Cambodia is in a uniquely challenging position compared to its peers in the Southeast Asian region. Although not a claimant state in the South China Sea disputes, the country has been drawn into the maritime conflicts and has been criticized for its lack of willingness to condemn China over the latter’s expansive sovereign claims and growing presence in the disputed waterway. Meanwhile, as one of the downstream Mekong countries, Cambodia is subject to the consequences of water politics involving fellow Mekong countries and regional powers such as China and the United States.

The South China Sea and Mekong issues are thus two of the key regional challenges confronting Cambodia.
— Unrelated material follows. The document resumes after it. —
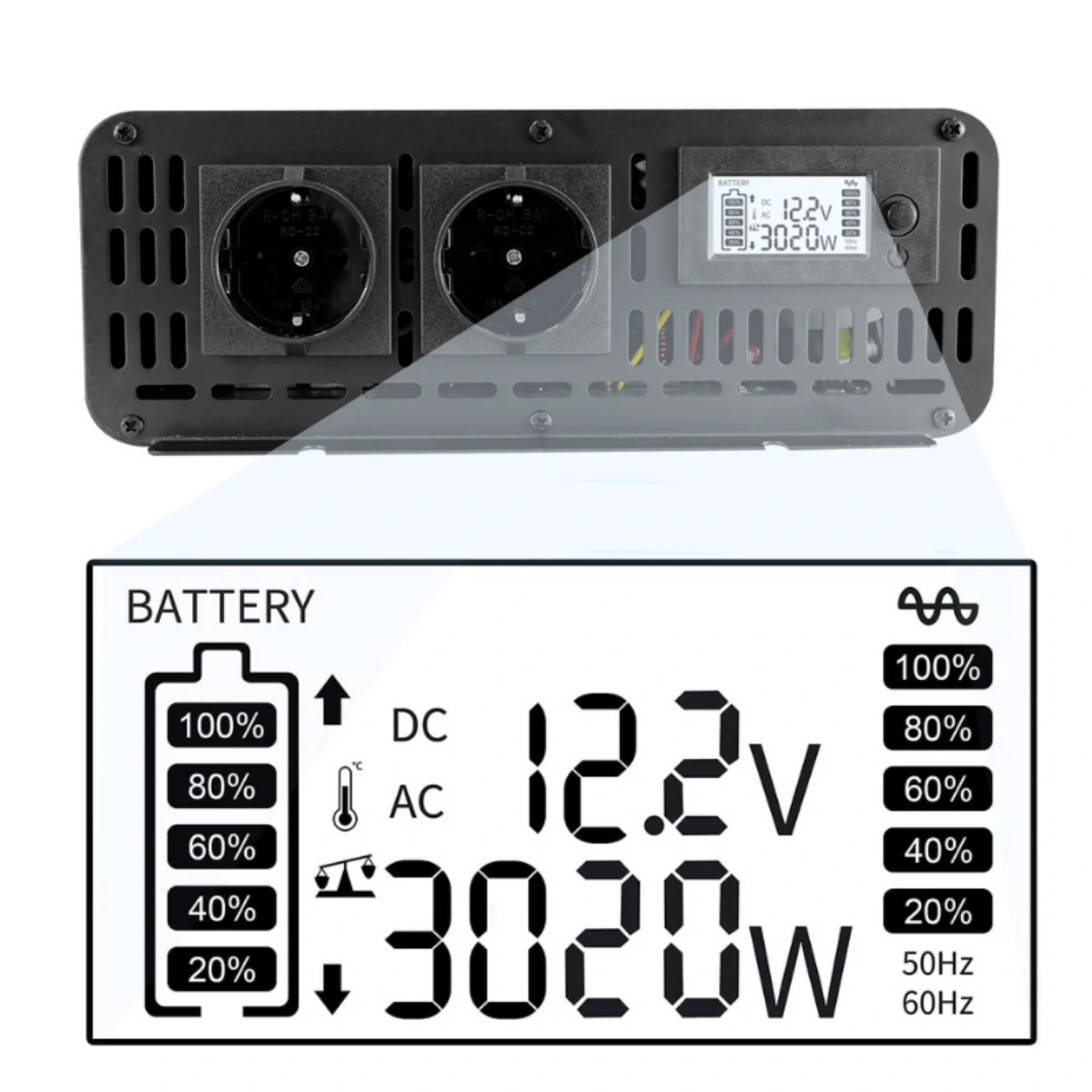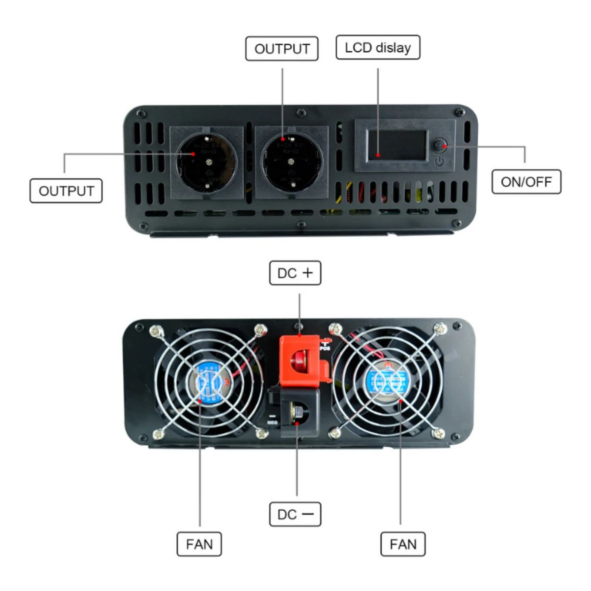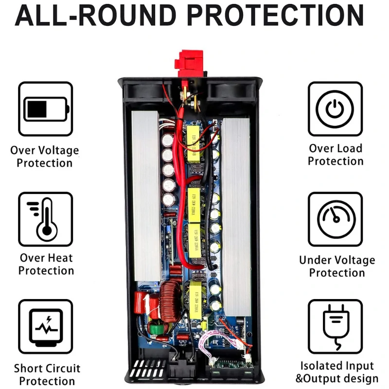 When the inverter high voltage, low voltage, over temperature, overload protection function is turned on, once the protection of the inverter is triggered, the inverter disconnects the power supply and the load enters the protection mode for the first time, and issues an alarm through the buzzer alarm device. Make your use more secure.

The country is also facing great geopolitical challenges resulting from the U.S.-China competition for influence in the Asia-Pacific region. In July 2019, Cambodia was placed in the spotlight when The Wall Street Journal reported that Phnom Penh and Beijing had signed a secret deal allowing China military access to Cambodia’s Ream Naval Base in Preah Sihanouk province.

Although concrete evidence is lacking, analysts and pundits have continued to speculate about the possibility of a Chinese military presence on Cambodian soil. The speculation is understandable considering Cambodia’s steadily growing alignment with China and Beijing’s increasing influence and presence in Phnom Penh.